# How to code this

#### noetsi

I have two variables I am using for controls. One is median income in a county and the other is the unemployment rate. Each individual, each case, I am using in the regression model will have one of these values. But I am not sure how I should code them. They are interval data, money or a percent unemployment, but everyone in the same county will have the same value. It may not make sense to talk about a change in Y for a one dollar or percent change in these; it might make more sense to talk about a change among the 67 counties. On the other hand having a categorical variable with 67 levels for data that is interval does not make much sense to me either.

I am not sure how to address this in the linear regression. I thought of making each value a ratio of the statewide number, so the statewide number would be set to one and I would divide each number for the county by the State number, but I do not know if this changes anything.

#### hlsmith

First of all this seems somewhat like a multilevel model where these would be group level covariates, correct? And if so, do you have individual level variables and data ass well?

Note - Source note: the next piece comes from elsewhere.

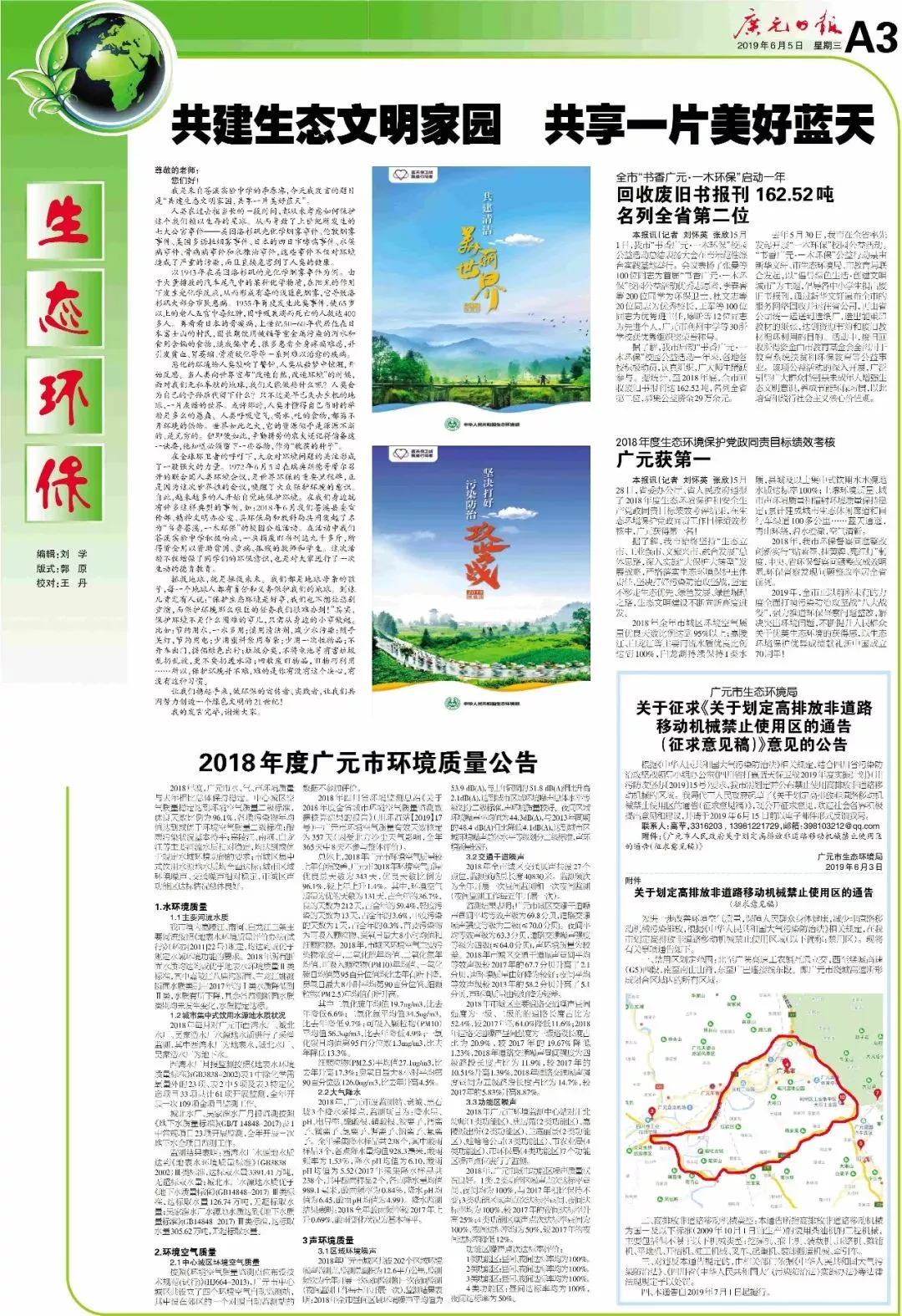 今年6月5日是第48个世界环境日,广元市围绕环境日主题“美丽中国-我是行动者”,以加快推进我市生态文明建设,推动全市上下积极参与生态文明建设和生态环境保护为重点,开展丰富多彩的系列宣传活动,全力营造好“人人关心环境保护、人人参与生态文明建设”的良好社会氛围。

I believe you can use medians as continuous variable, just keep that in mind when making interpretations. Rates can be used as a continuous if the rate tend to be generally near 50% and not right next to one of the bounds (0%, 100%).

#### noetsi

No this is going into a linear regression. I might use a multilevel model later.

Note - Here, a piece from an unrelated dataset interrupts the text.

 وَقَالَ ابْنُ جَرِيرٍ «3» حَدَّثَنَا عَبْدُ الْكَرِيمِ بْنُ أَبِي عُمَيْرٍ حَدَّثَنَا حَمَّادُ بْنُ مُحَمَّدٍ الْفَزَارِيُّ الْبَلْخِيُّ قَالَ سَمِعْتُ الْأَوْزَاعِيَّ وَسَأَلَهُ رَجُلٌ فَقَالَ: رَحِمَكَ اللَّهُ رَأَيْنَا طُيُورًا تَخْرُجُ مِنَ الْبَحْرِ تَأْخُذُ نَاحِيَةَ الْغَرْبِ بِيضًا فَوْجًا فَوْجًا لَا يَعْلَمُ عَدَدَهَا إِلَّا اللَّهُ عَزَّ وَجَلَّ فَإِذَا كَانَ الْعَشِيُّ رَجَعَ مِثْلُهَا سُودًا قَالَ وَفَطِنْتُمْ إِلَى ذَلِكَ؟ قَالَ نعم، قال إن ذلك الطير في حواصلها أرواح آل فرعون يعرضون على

So you can use median county data for analysis of customers? That makes sense to me because economic data like this is going to be aggregate in pretty much every case I can think of. And its important.

#### hlsmith

But if you have multiple people from the same place, you get multilevel model with shared variability for those people. Do you have people from the same place? In my time series class there was an example where the series was actually medians, since the are more stable then means.

#### noetsi

You will get, as with using means for a variable, get shared variability. I don't see any real choice since a county only has median one income level.

Are you saying that using median this way will work in a multilevel model, but not linear regression? Its been more than a year since I ran multilevel models and I am not sure I would remember how quickly.

How badly will using a median this way harm the results, obviously it is a violation of independence.

#### hlsmith

Well do you have any other county level variables you are thinking about using? If so, think about using MLM, otherwise robust SE can be applied.

#### noetsi

I am using two county wide variables. Median income and average employment.

Which robust SE do you mean White or Newey West?

I have only used MLM in class so I am reluctant to try it for a major project.